主要仪器：安捷伦1260II高效液相色谱仪(美国安捷伦技术有限公司生产)、RE-52旋转蒸发仪(上海亚荣生化仪器厂生产)。

主要试剂：植物激素标样玉米素(ZT，Z0876)、生长素(IAA，H8876)、赤霉素(GA3，48880)、脱落酸(ABA，A1049)、抗氧化剂二丁基羟基甲苯(2,6-二叔丁基-4-甲基苯酚，BHT，B1378)，均购自Sigma公司。色谱纯甲醇、乙腈购自德国MERCK公司。其他试剂均为分析纯，购自生工生物工程公司。试验用水为超纯水，经0.45 μm有机过滤器过滤；过滤柱为ProElut PXC 60mg/3mL 300/pkgPXC小柱，购自中国迪马科技公司。

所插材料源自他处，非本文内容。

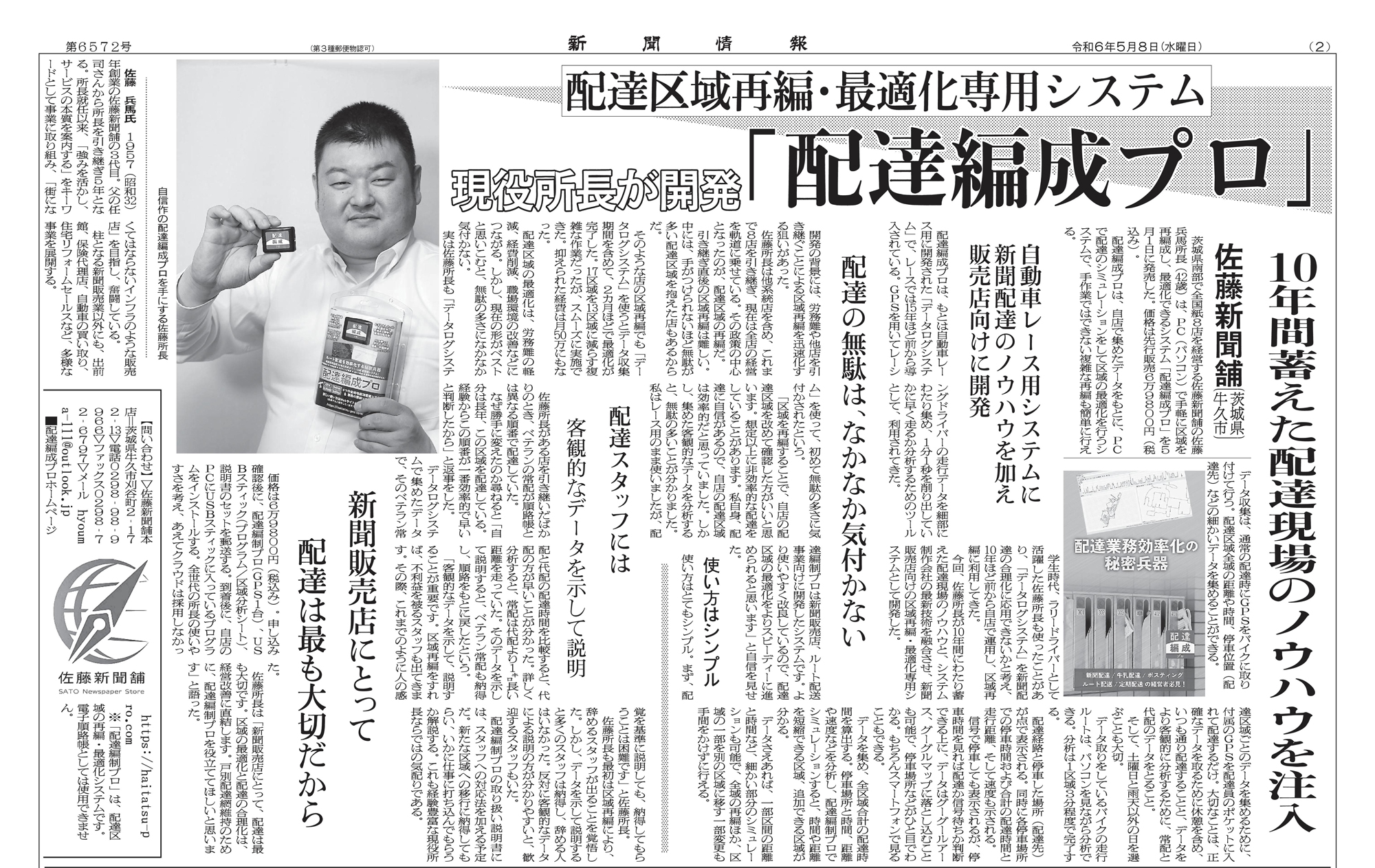 新聞を中心にマスコミ、広告業界などの動きを伝えている業界紙「新聞情報」(週2回発行)の2024年5月8日号に、「配達編成プロ」が掲載されました。

样品提取和前处理方法：样品的前处理方法，将采集的叶片、枝条样品，用液氮密封保存，在避光条件下带回实验室。取叶片、枝条各0.5 g，在液氮中碾磨后，加入5 mL体积分数为80%色谱纯的甲醇和质量浓度为1 mg/L的抗氧化剂二丁基羟基甲苯，避光条件下4 ℃提取24 h。提取液在15 000 r·min-1、4 ℃条件，离心10 min。取出上清液，残渣加入5 mL体积分数为80%色谱纯的甲醇和质量浓度为1 mg/L的抗氧化剂二丁基羟基甲苯，避光条件下4 ℃再次提取24 h、再次离心。合并2次上清液，滤纸过滤，加50 μL氨水，在40 ℃下用旋转蒸发仪减压蒸发至水相。水相用浓度为0.1 mol·L-1的稀盐酸调pH至3.0，样品过固相萃取小柱。固相萃取小柱使用方法：首先采用10 mL甲醇活化，随后用10 mL超纯水平衡；将处理好的样品注入固相萃取小柱，分别用10 mL浓度为0.1 mol·L-1的HCl、10 mL甲醇洗脱。洗脱液在40 ℃下减压蒸发至近绝干，用1 mL的色谱纯甲醇溶解、0.22 μm有机相针式滤器过滤、-80 ℃保存，用液相色谱仪检测。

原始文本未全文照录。